**Task requirements**
From the line with "2011年度湛江市優(yōu)秀企業(yè)家榮譽(yù)牌匾2012年3月" to the line with "Veste blanche mi", output every line below exactly, both ends included. Skip the pictures.

**Input material**

----

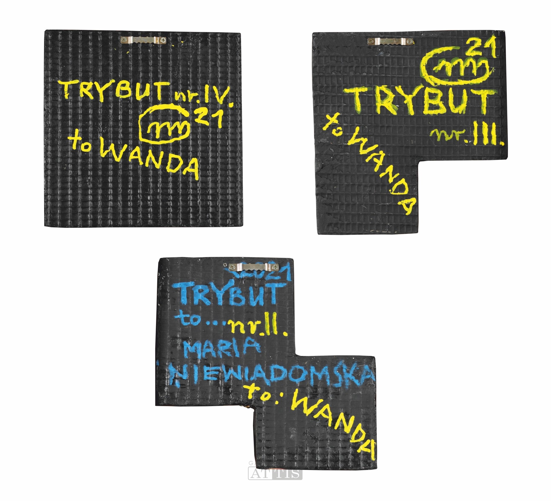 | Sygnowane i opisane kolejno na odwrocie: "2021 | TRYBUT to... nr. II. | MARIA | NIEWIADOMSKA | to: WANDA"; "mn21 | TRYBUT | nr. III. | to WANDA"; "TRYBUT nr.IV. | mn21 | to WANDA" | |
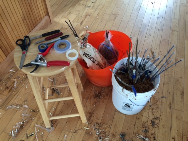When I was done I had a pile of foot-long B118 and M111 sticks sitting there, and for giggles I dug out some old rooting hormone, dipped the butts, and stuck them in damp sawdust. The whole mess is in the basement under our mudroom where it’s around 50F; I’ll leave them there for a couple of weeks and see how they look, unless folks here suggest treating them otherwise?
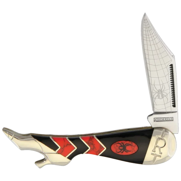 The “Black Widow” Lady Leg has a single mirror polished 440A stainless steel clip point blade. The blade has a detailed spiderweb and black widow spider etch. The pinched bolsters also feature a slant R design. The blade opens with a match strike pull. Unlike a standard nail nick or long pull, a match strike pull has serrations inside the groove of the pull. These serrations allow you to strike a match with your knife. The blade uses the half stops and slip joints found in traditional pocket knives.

----

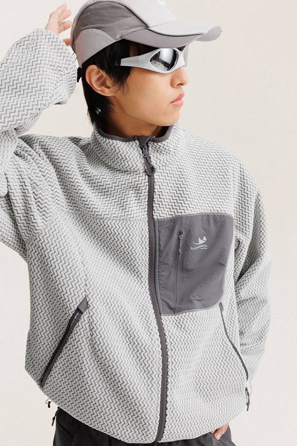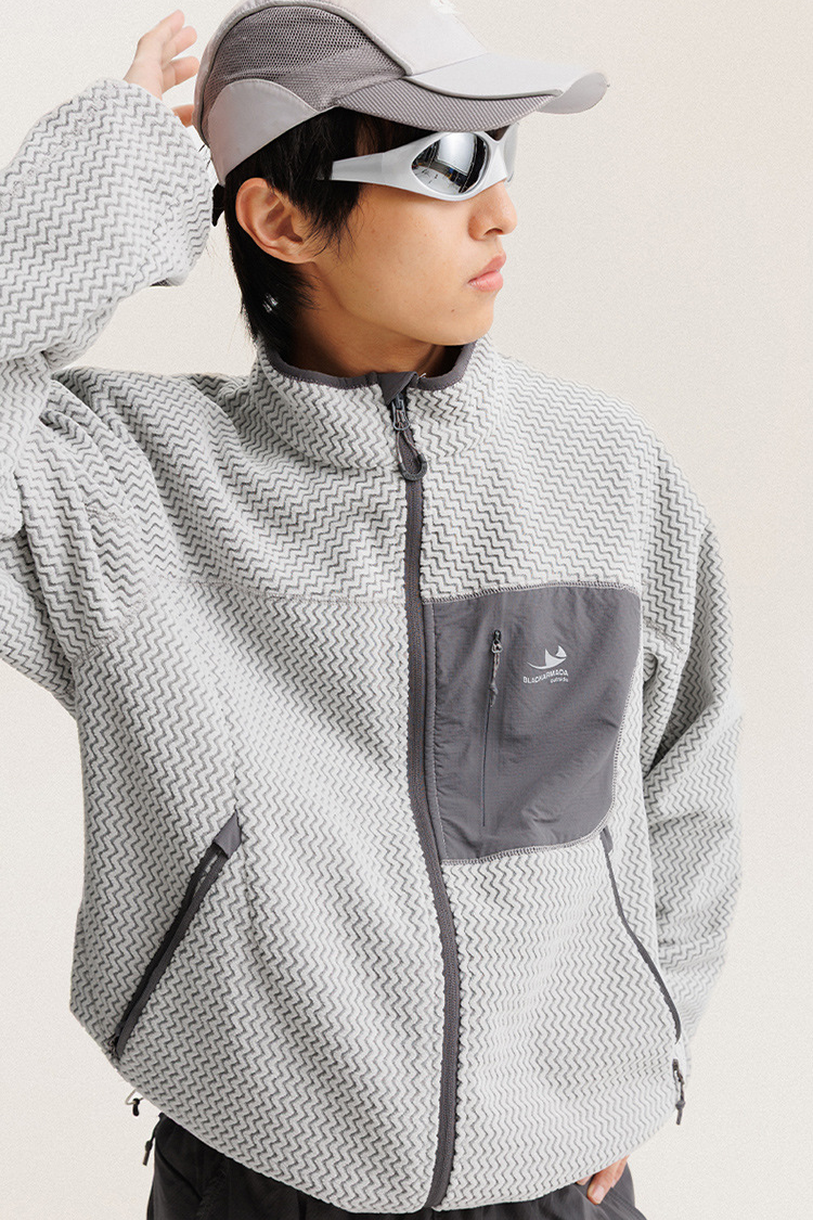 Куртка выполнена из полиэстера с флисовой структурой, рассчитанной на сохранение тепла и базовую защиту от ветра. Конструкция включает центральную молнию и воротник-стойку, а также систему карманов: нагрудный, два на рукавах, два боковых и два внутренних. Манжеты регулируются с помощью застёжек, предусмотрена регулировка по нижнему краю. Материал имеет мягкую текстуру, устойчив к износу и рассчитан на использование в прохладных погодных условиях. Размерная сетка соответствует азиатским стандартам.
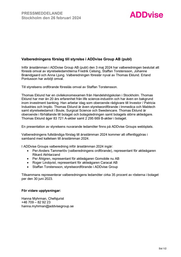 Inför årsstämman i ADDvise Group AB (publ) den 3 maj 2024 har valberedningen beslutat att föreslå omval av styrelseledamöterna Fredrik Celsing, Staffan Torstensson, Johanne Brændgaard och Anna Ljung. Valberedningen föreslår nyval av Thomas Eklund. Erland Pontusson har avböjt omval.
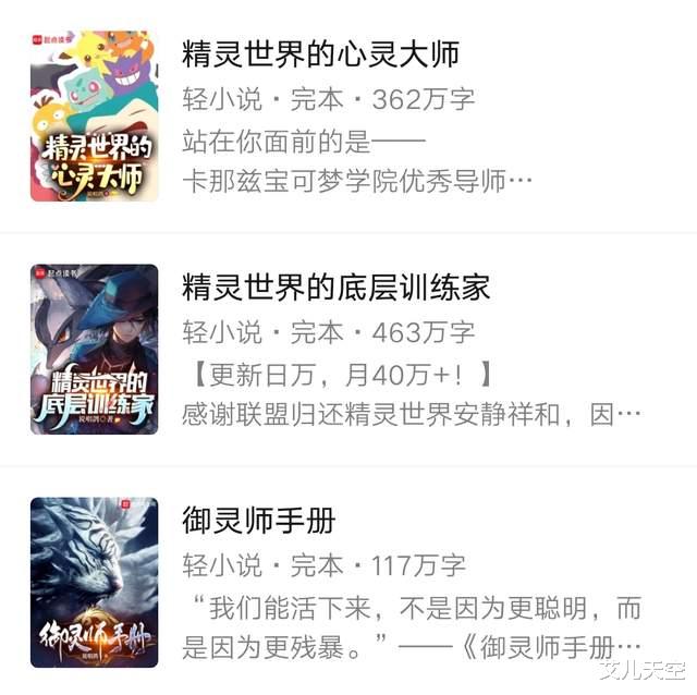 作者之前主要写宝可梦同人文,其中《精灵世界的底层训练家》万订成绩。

----

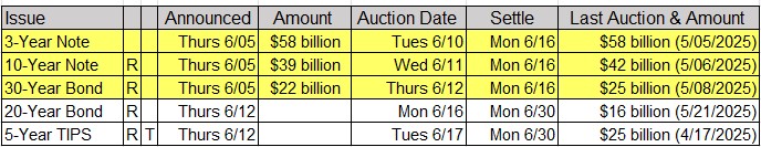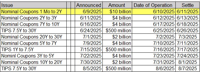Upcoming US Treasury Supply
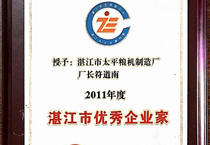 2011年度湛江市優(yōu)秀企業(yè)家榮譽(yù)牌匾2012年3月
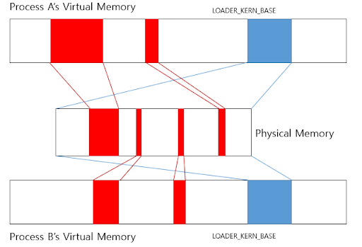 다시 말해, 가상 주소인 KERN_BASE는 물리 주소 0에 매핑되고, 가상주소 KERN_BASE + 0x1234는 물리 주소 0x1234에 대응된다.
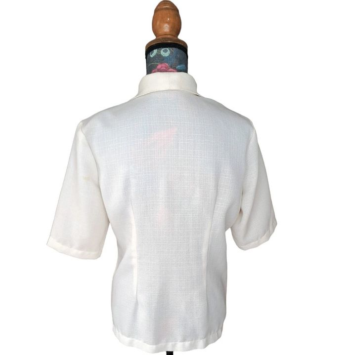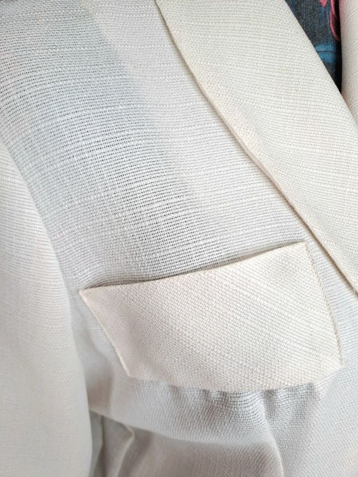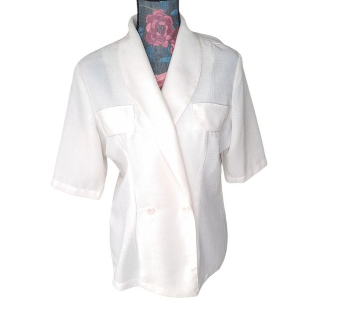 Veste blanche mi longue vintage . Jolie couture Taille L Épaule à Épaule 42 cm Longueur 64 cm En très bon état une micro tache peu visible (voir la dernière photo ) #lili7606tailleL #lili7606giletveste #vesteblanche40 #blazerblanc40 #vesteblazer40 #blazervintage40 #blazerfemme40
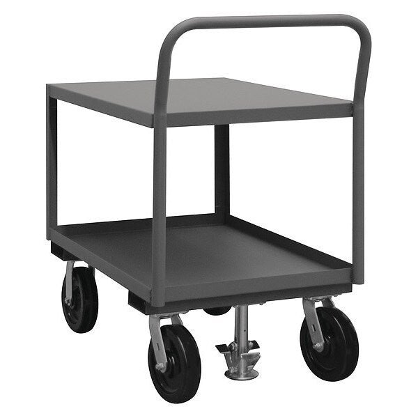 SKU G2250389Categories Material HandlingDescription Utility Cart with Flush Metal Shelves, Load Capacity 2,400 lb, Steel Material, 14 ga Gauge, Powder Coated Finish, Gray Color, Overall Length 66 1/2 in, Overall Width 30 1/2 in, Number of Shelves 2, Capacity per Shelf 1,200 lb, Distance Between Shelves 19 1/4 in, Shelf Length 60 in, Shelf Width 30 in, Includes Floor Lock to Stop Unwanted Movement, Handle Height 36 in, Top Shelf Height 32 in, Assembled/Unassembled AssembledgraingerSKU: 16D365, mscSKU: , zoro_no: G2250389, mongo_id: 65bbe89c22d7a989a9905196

----

**Exercise solution**
 2011年度湛江市優(yōu)秀企業(yè)家榮譽(yù)牌匾2012年3月
 다시 말해, 가상 주소인 KERN_BASE는 물리 주소 0에 매핑되고, 가상주소 KERN_BASE + 0x1234는 물리 주소 0x1234에 대응된다.
 Veste blanche mi longue vintage . Jolie couture Taille L Épaule à Épaule 42 cm Longueur 64 cm En très bon état une micro tache peu visible (voir la dernière photo ) #lili7606tailleL #lili7606giletveste #vesteblanche40 #blazerblanc40 #vesteblazer40 #blazervintage40 #blazerfemme40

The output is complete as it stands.